-- Opening Marker --
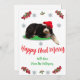 Tarjeta Festiva Dog in Santa Hat And Berries Flat Holiday Card
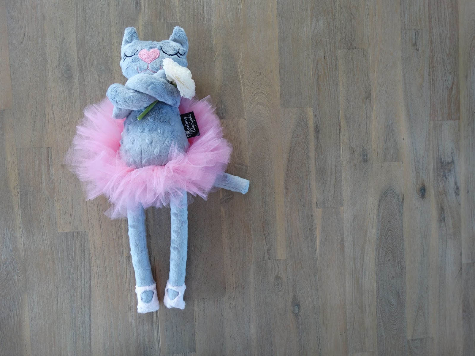 Ten kotek baletnica jest już w nowym domu. Dostałam zdjęcie od mamy jak śliczna blondyneczka w kucyku na czubku głowy, mocno go obejmuje dwoma rączkami. Aż mi się ciepło na serduchu zrobiło.
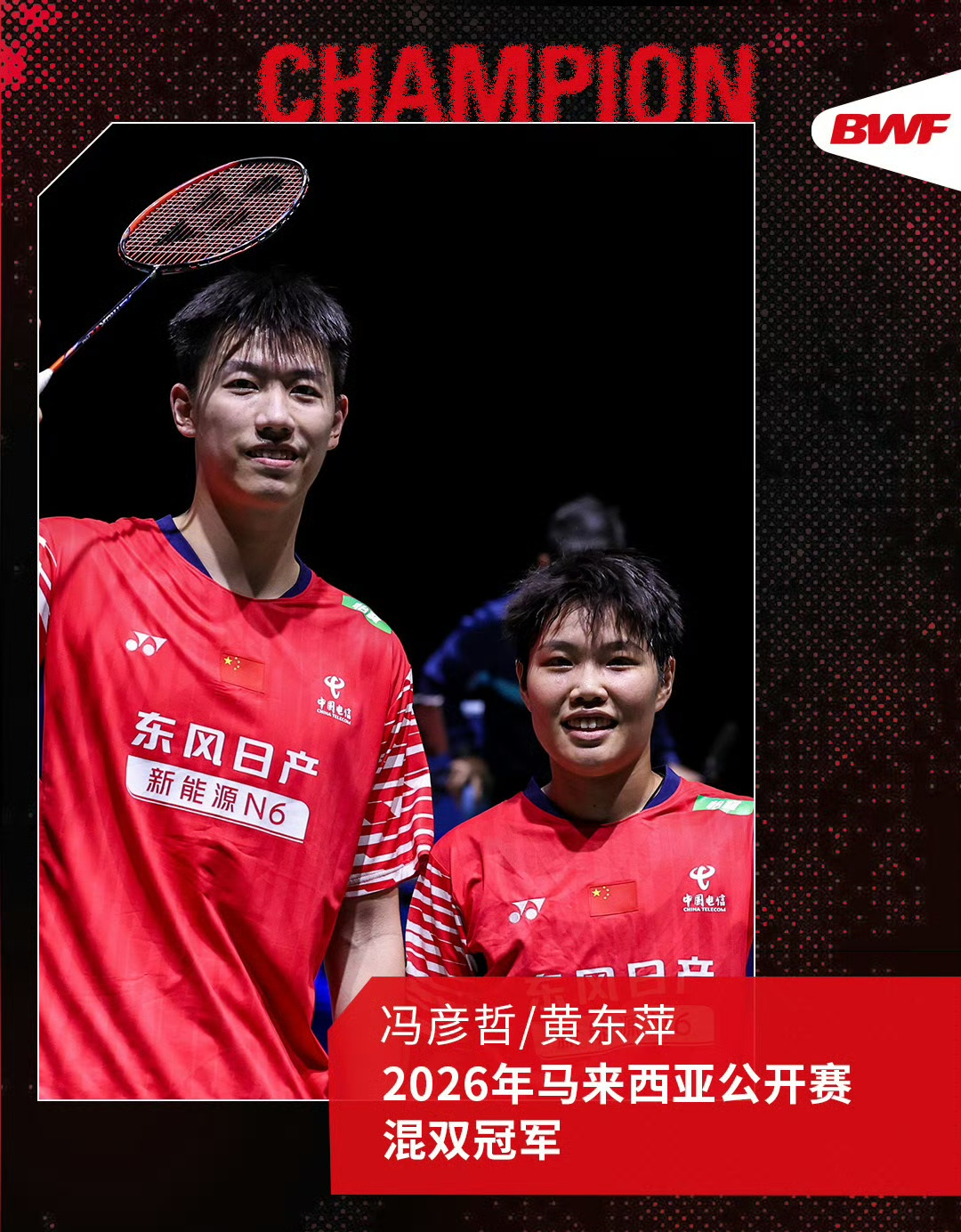 1月11日,在吉隆坡进行的2026年马来西亚羽毛球公开赛混双决赛中,中国队组合冯彦哲/黄东萍以总比分2:0战胜队友组合蒋振邦/魏雅欣,获得冠军。中国羽毛球队包揽本站赛事混双项目冠亚军。
-- Closing Marker --
Action item
Reproduce word for word the lines running from the line with "Ten kotek baletnica" through the end of the data, both included, and nothing else; leave out the pictures.

Solution to this problem
 Ten kotek baletnica jest już w nowym domu. Dostałam zdjęcie od mamy jak śliczna blondyneczka w kucyku na czubku głowy, mocno go obejmuje dwoma rączkami. Aż mi się ciepło na serduchu zrobiło.
 1月11日,在吉隆坡进行的2026年马来西亚羽毛球公开赛混双决赛中,中国队组合冯彦哲/黄东萍以总比分2:0战胜队友组合蒋振邦/魏雅欣,获得冠军。中国羽毛球队包揽本站赛事混双项目冠亚军。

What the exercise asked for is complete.